Cloud Resume Challenge Part 3

Thu 27 August 2020

Filed under Cloud

Tags cloud aws

AWS Cloud Resumé Challenge: Part 3


Introduction

This is part three of the AWS Cloud Resumé Challenge, in which I productize the creation of the AWS Cloud configuration that I previously created by clicking around in the AWS Console, like a demented Click Monkey.

Having the AWS setup as a code file, then allows it to be placed under configuration control: Configuration as Code.

I found a few wrinkles and gotchas that I will go through below.

To Recap

The design that I will be creating by configuration code is that below (figure from a previous post).

The Browser client has embedded Javascript code that calls the endpoint of an API Gateway instance. The API Gateway instance calls a AWS Lambda function, that reads, increments, and writes back a counter held in a DynamoDB datatable.


Design Choices

Play it again, Sam

The configuration language I could have used is called AWS CloudFormation, which is the more general purpose configuration language. However, Amazon (and the general AWS Cloud community) heavily push the AWS Serverless Application Model (SAM) option. Configurations in SAM are build into CloudFormation specifications, but are much more concise, and a lot of the "best-practice" work is done for you.

Downsides

One gotcha I encountered in dealing with AWS SAM is that it is much better to do everything through SAM. Performing AWS Cloud operations (like deleting a DynamoDB datatable) in the AWS Console can confuse SAM when it comes time to build the configuration again. The official AWS advice for this case is "re-create every thing you deleted, and try again!".

You do have to become familiar with CloudFormation terminology (as it is SAM terminolgy too). The key concept is a Stack; a set of AWS capabilities that operate, and are linked, to achieve some task.


SAM Configuration Walkthrough

I found that it was best to incrementally learn SAM by creating parts of the processing chain in isolation. First the DynamoDB database table, then the Lambda Function. I won't go through all my interim steps, but just walk through my final result.

Because I am a Windows user, I went very old-school, and have a .bat file to run my builds.

Excluding the header comments, it looks like:

ECHO ON
ECHO Deleting previous stack
call aws cloudformation delete-stack --stack-name loadcounter01
call aws cloudformation wait stack-delete-complete --stack-name loadcounter01
REM -----------------------------
ECHO ON
ECHO Starting SAM Build
call sam build 
ECHO Starting SAM Deploy
call sam deploy --guided 
ECHO Loading initial data
call aws dynamodb batch-write-item --request-items file://initialloaddata.json

Note that I am hard-coding the name of my stack in this script (loadcounter01).

To walk through each command:

aws cloudformation delete-stack --stack-name loadcounter01

I expect to be running this script repeatably.
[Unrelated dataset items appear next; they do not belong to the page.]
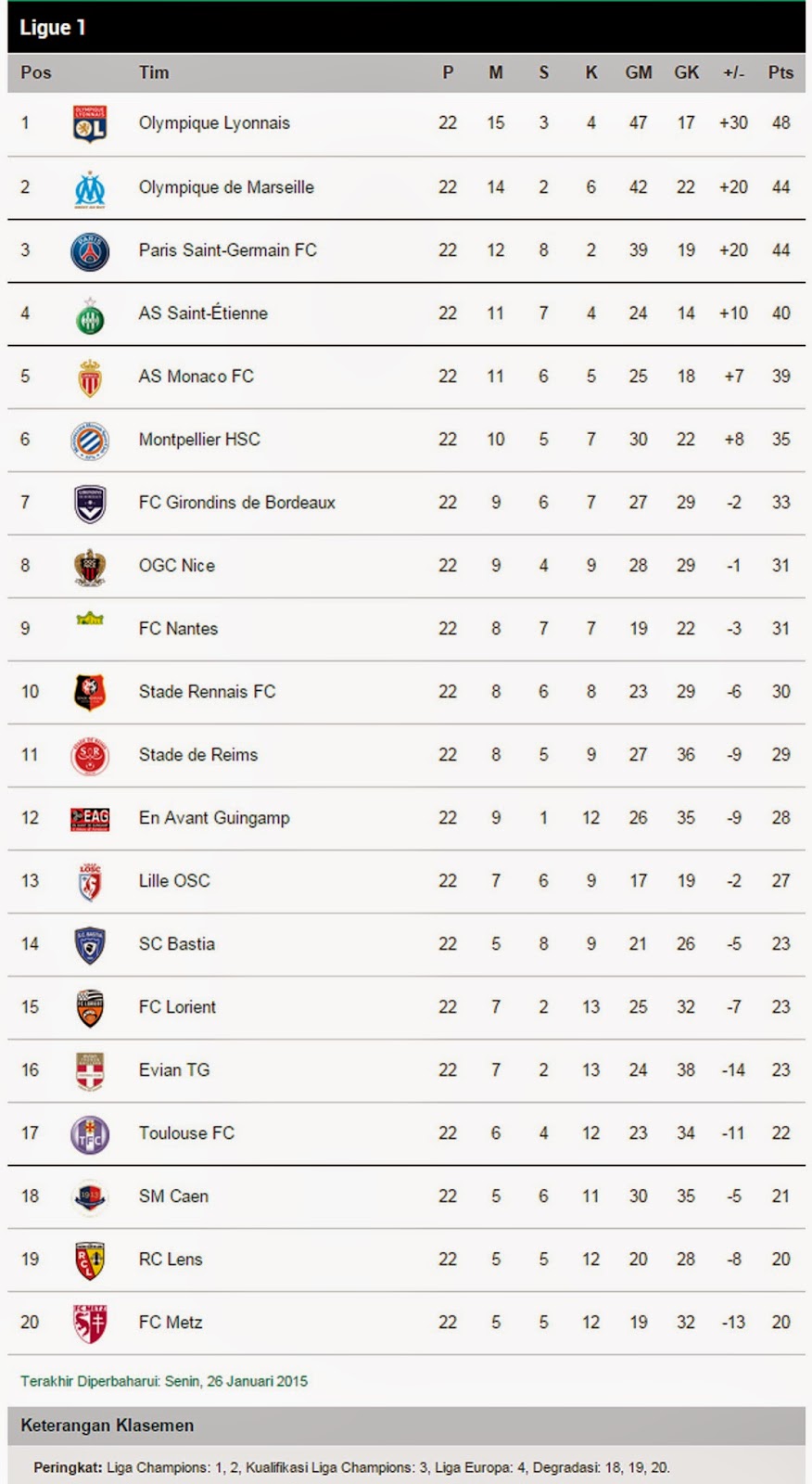Profil Dan Hasil Sepakbola Klasemen Liga Prancis Pekan 22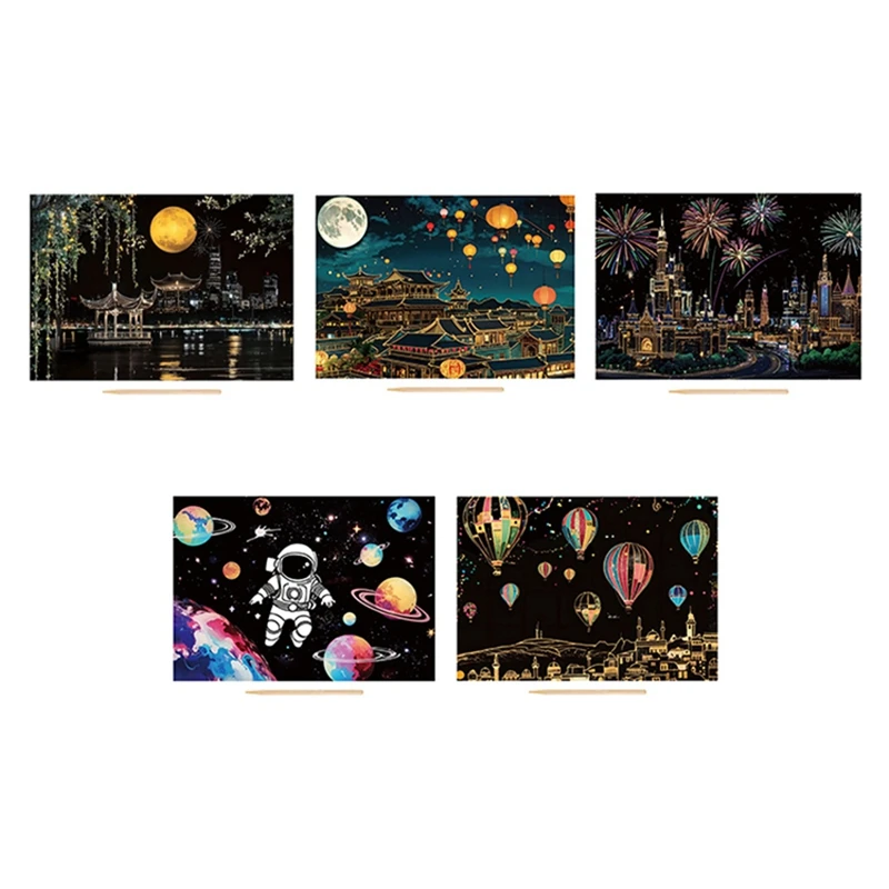[4.Arte para raspar con memoria para niños y adultos]: nuestro papel para raspar está diseñado con imágenes reales y tiene una alta reparación y renaturación.Un traje artístico escultórico completo para artistas de todas las edades.Si quieres perder el tiempo en silencio, este tamaño y peso son muy cómodos de transportar, para que puedas crear en cualquier momento.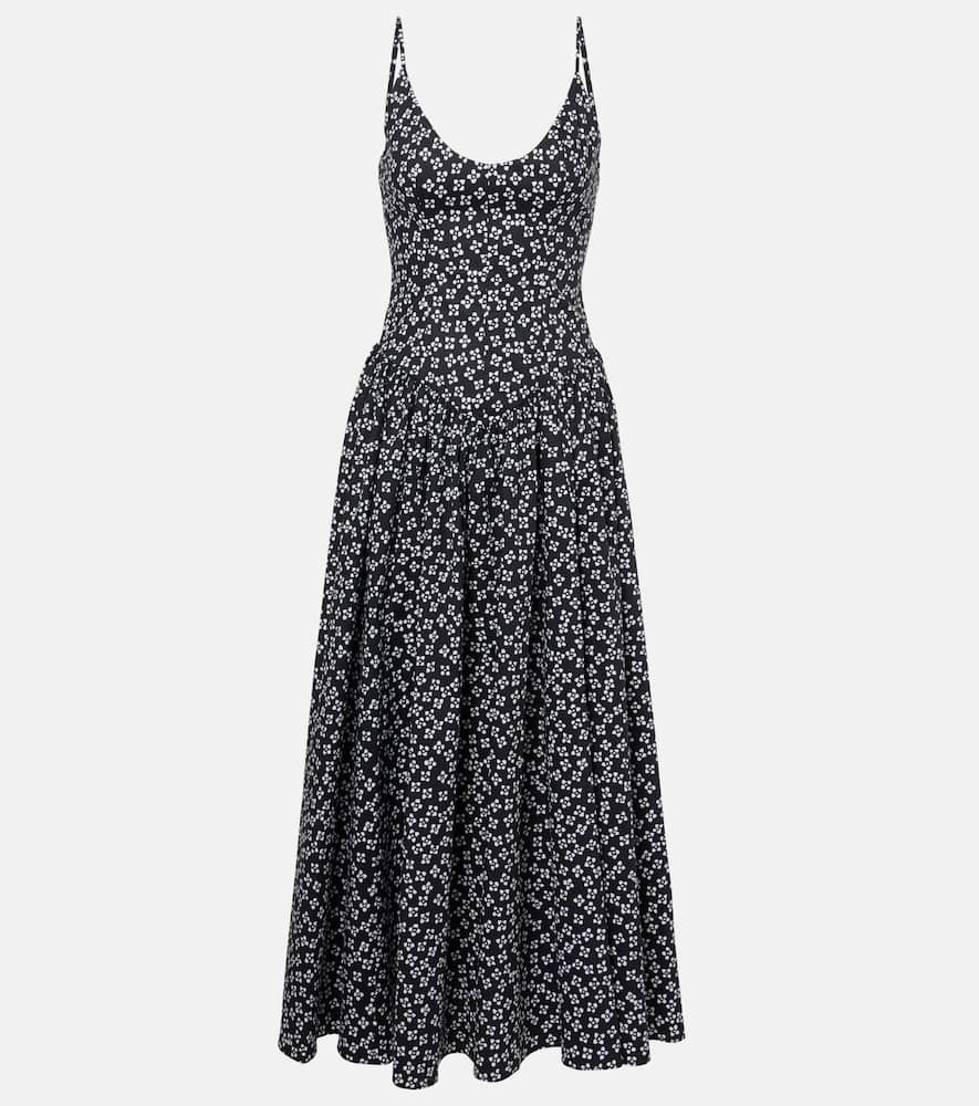 Material: 98% cotton, 2% elastane. Care instructions: machine wash cold. Made in China. Designer color name: Black Woodblock Floral. Adjustable shoulder straps. Closure: invisible zipper. Shop the latest Staud Maxi Dresses for women.

For this application I am happy to trash whatever state is stored in the database (the API Gateway instance, and the Lambda Function, have no state, by definition). If I was concerned with maintaining my load-count across build, I would have to read the DynamoDB database, store the data, and reload it into the newly re-created database at the end of the script.

It turns out that the delete-stack command doesn't actually delete the CloudFormation stack, it only initiates the delete operation. You have to wait to is is complete, via:

aws cloudformation wait stack-delete-complete --stack-name loadcounter01

So now we have a clean slate. We build the CloudFormation configuration via the

sam build

Then we deploy it. I have chosen to use the --guided option so I could see what was happening, but if you added the appropriate command line options, this could be completely automated.

sam deploy --guided

Finally, I load an initial dataset into the DynamoDB datatable

aws dynamodb batch-write-item --request-items file://initialloaddata.json

Script Outputs

SAM Build

The results (in part) of running the script above are:

(ac5-py37) D:\AWS-SAM-Working\loadcounter01>call sam build
Building function 'ManageCounterFunction'
Running PythonPipBuilder:ResolveDependencies
Running PythonPipBuilder:CopySource

Build Succeeded

Built Artifacts  : .aws-sam\build
Built Template   : .aws-sam\build\template.yaml

Commands you can use next
=========================
[*] Invoke Function: sam local invoke
[*] Deploy: sam deploy --guided

SAM Deploy

The output from the SAM deployment looks in part like:

Configuring SAM deploy
======================

        Looking for samconfig.toml :  Found
        Reading default arguments  :  Success

        Setting default arguments for 'sam deploy'
        =========================================
        Stack Name [loadcounter01]:
        AWS Region [ap-southeast-2]:
        #Shows you resources changes to be deployed and require a 'Y' to initiate deploy
        Confirm changes before deploy [Y/n]: y
        #SAM needs permission to be able to create roles to connect to the resources in your template
        Allow SAM CLI IAM role creation [Y/n]: y
        ManageCounterFunction may not have authorization defined, Is this okay? [y/N]: y
        Save arguments to samconfig.toml [Y/n]: y

        Looking for resources needed for deployment: Found!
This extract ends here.